* What this task involves
Please repeat, exactly and without pictures, the lines of the entries below that run from the one containing "峰值電壓表顯示:0~30kV" through the one containing "Calender Month |".

· · ·

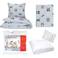 Zestaw pościeli 100x160 + 40x60 + prześcieradło we wzorze 80x160 | 198Pro | szaro różowa | misie pandy
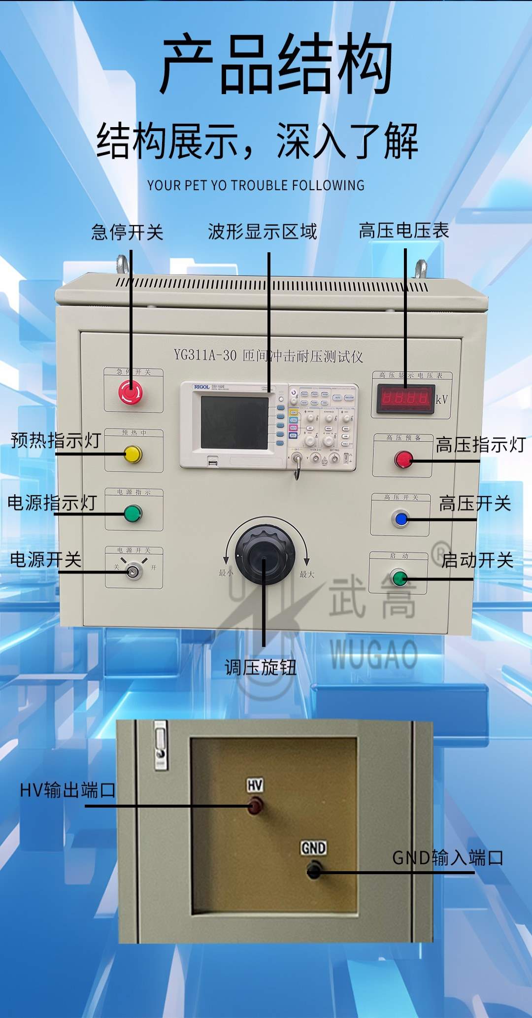 峰值電壓表顯示:0~30kV;最大輸出能量:22.5J;脈沖電容:0.05uF(也可按要求另選)。
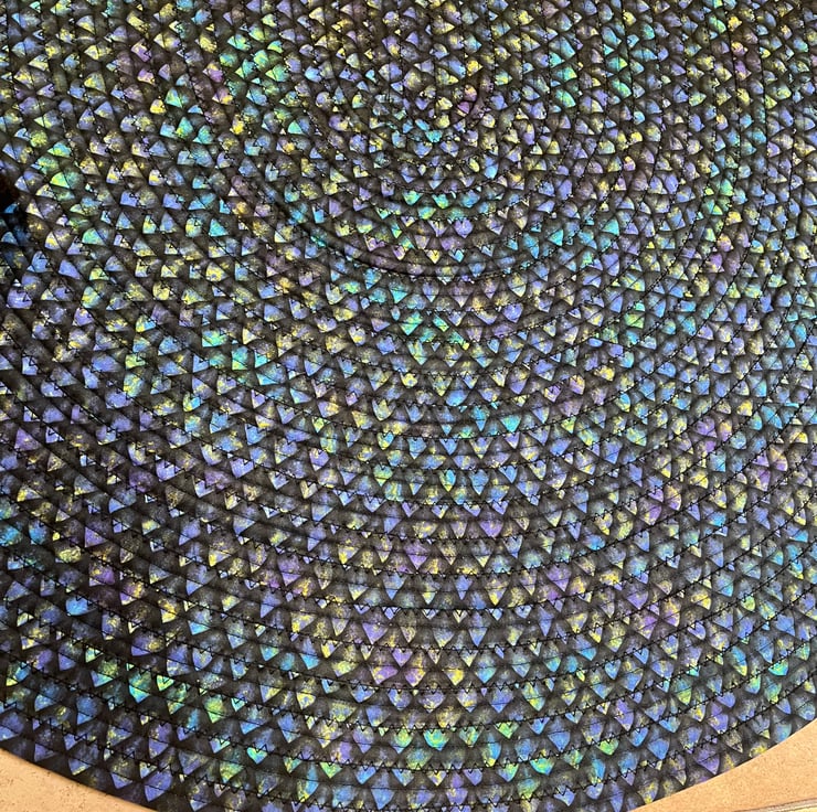 This oval jelly roll rug is made with the gorgeous blue Dragon Scale patterned fabric. It measures 48"x30.5".
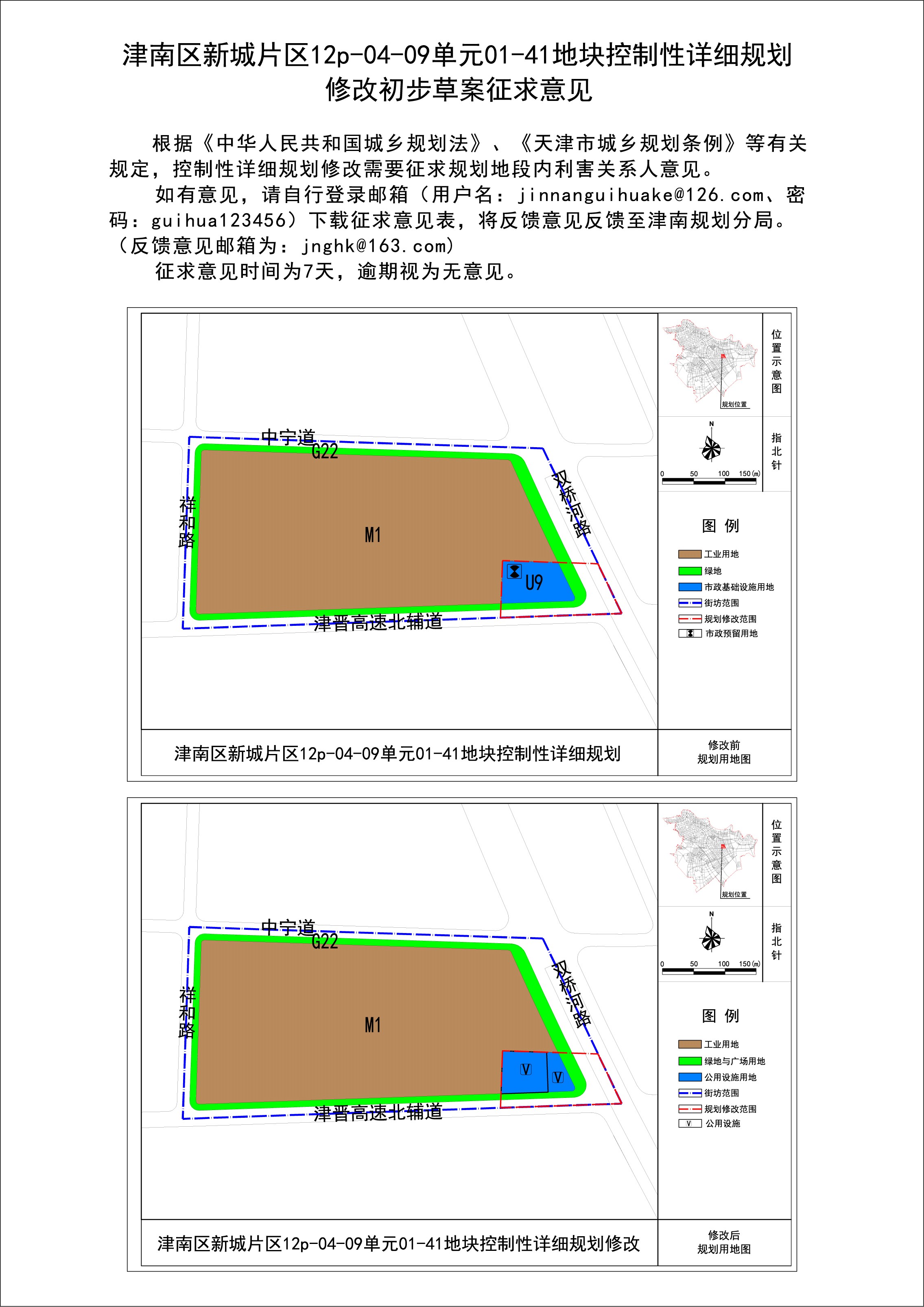 津南区新城片区12p-04-09单元01-41地块控制性详细规划修改初步草案征求意见
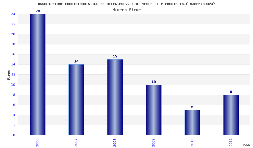 | Anno | Firme | Importi | Media | Naz. | Reg. | Prov. | Comu. |
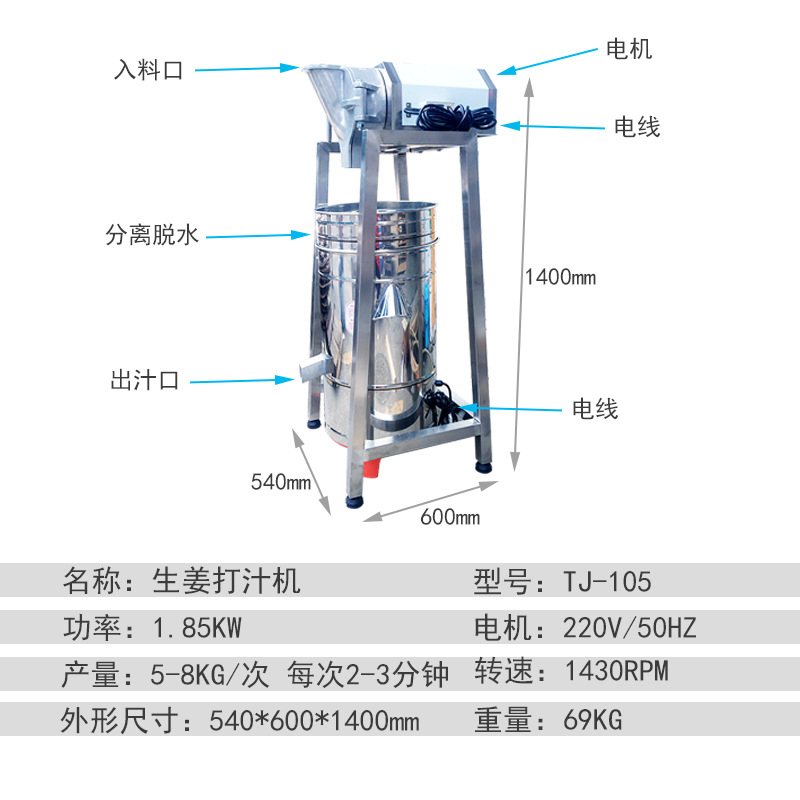 用(yòng)途:將生薑處理成薑汁,並把薑汁和薑渣分離,用於豆漿、果蔬類的打汁或分離。
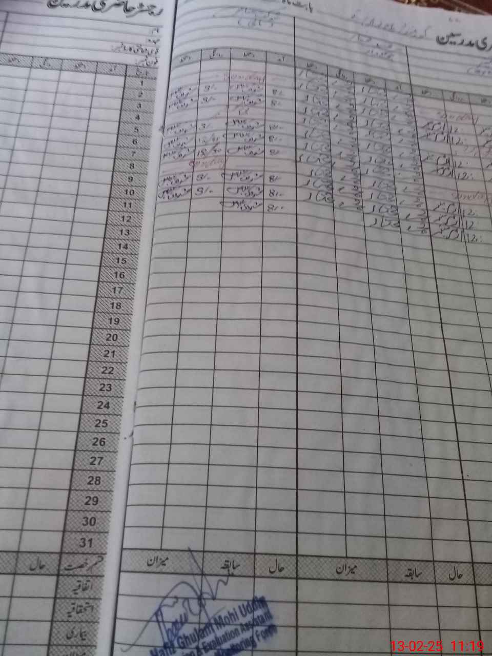 | CNIC | Full Name | Designation | R/C | Absence During Last Calender Month |
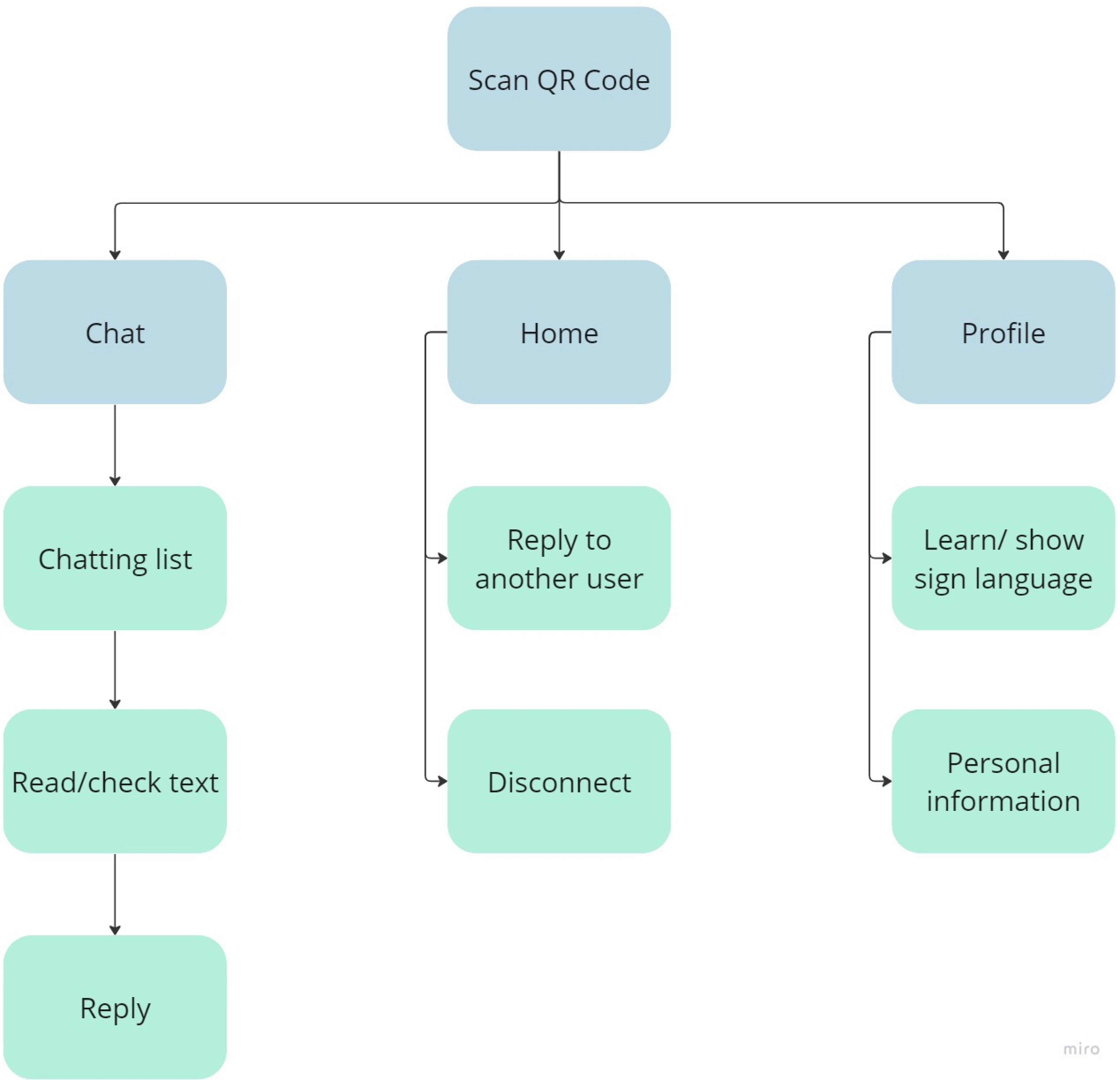 An abled person who installed the app can talk through a scanner as well as chat with a deaf person when he/she is not around or at home. The deaf user will use sign language to reply which will get translated into text.
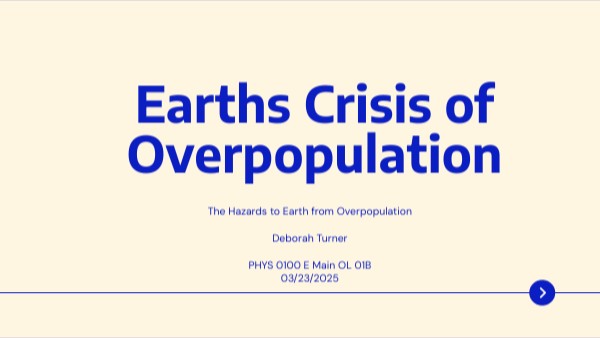 The Hazards to Earth from Overpopulation Deborah Turner PHYS 0100 E Main OL 01B 03/23/2025
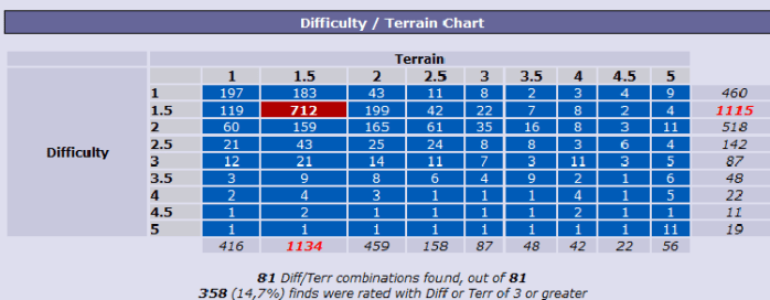 Lördagens planerade tur till Karlstad blev riktigt givande. Vi hittade den sista cachen för att vår Difficulty-/Terrain-karta skulle bli fullständig, ett mål som vi haft ett tag. För er kära mugglare som läser det här så har geocacher olika svårighets- och terrängfaktor och det finns 81 olika kombinationer.
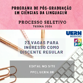 O Programa de Pós-Graduação em Ciências da Linguagem (PPCL) da Universidade do Estado do Rio Grande do Norte (Uern) está ofertando 23 vagas para alunos(as) regulares no Mestrado Acadêmico em Ciências da Linguagem.
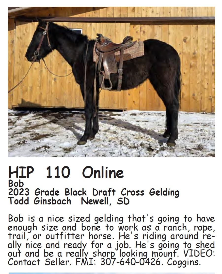 Bob - 2023 Grade Black Draft Cross Gelding - Todd Ginsbach, Newell, SD - Bob is a nice sized gelding that's going to have enough size and bone to work as a ranch, rope, trail, or outfitter horse. He's riding around really nice and ready for a job. He's going to shed out and be a really sharp looking mount. VIDEO: Contact Seller. FMI: 307-640-0426. Coggins.
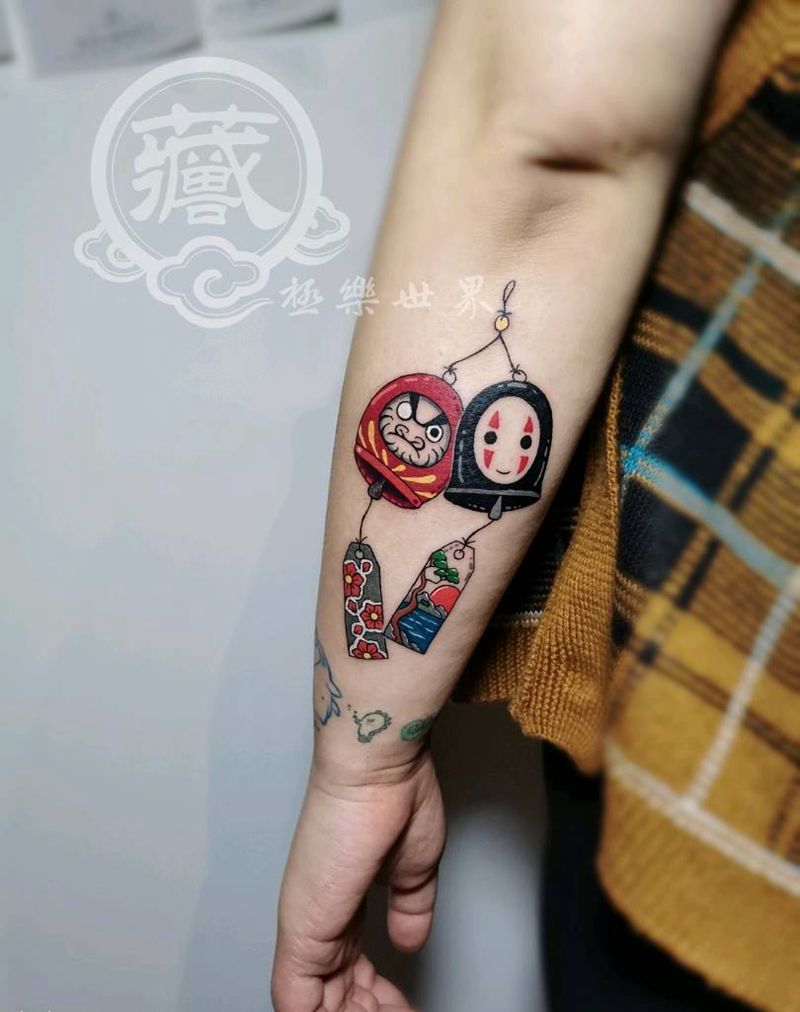福运纹身图片_手臂手部新传统水彩达摩蛋无脸男日式纹身图案
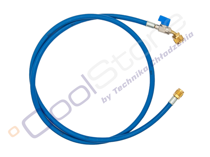 Wysokiej jakości wąż serwisowy z zaworem kulowym do stosowania z wszystkimi popularnymi czynnikami chłodniczymi.
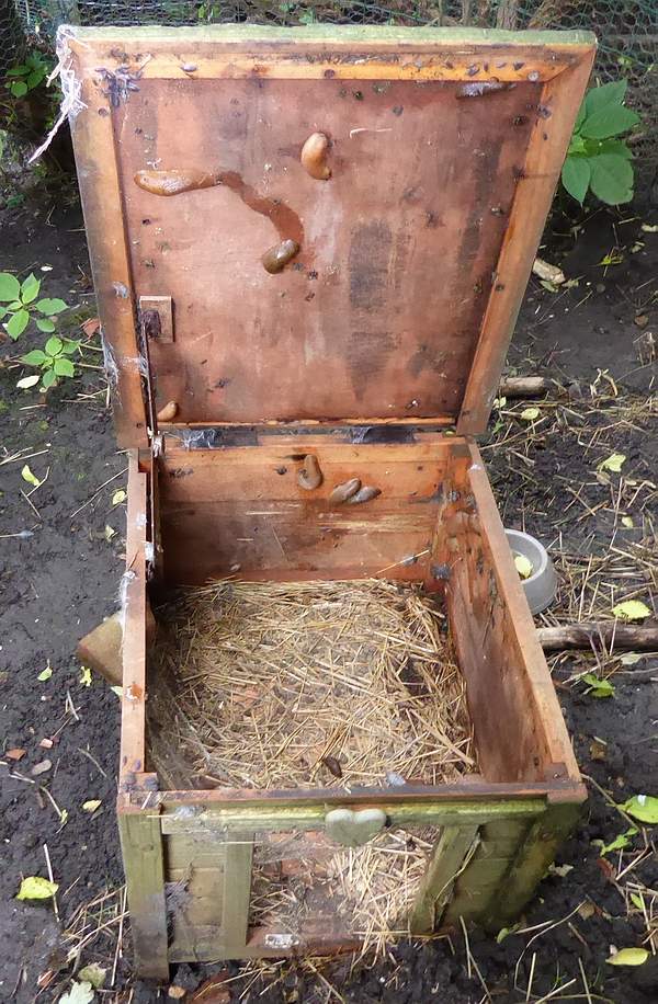 Mijn huidige kippen eten hoogstens érg kleine slakjes.
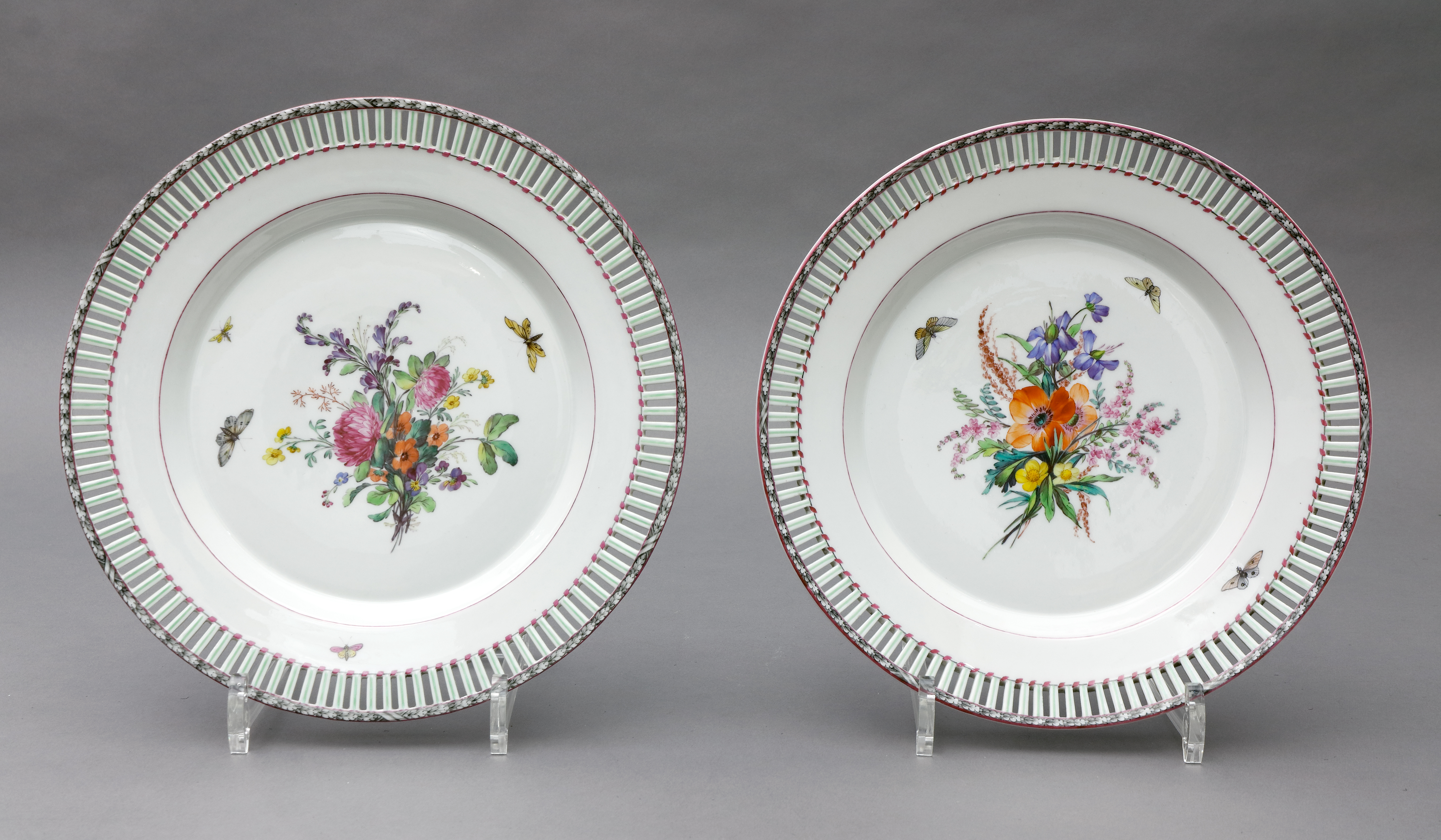 Rund. Farbig gemalte Fahne mit Eichenblattfries. Im Spiegel bunt gemaltes Blumenbouquet mit Schmetterlingen. D 24 cm. Blaue Zeptermarke. - Aus dem Service für die Nichte von Friedrich Wilhelm II., Friederike Luise Wilhelmine, anlässlich Ihrer Hochzeit mit dem Erbprinzen Karl Georg August von Braunschweig-Wolfenbüttel 1791. (1066-46)

· · ·

* Result below
 峰值電壓表顯示:0~30kV;最大輸出能量:22.5J;脈沖電容:0.05uF(也可按要求另選)。
 This oval jelly roll rug is made with the gorgeous blue Dragon Scale patterned fabric. It measures 48"x30.5".
 津南区新城片区12p-04-09单元01-41地块控制性详细规划修改初步草案征求意见
 | Anno | Firme | Importi | Media | Naz. | Reg. | Prov. | Comu. |
 用(yòng)途:將生薑處理成薑汁,並把薑汁和薑渣分離,用於豆漿、果蔬類的打汁或分離。
 | CNIC | Full Name | Designation | R/C | Absence During Last Calender Month |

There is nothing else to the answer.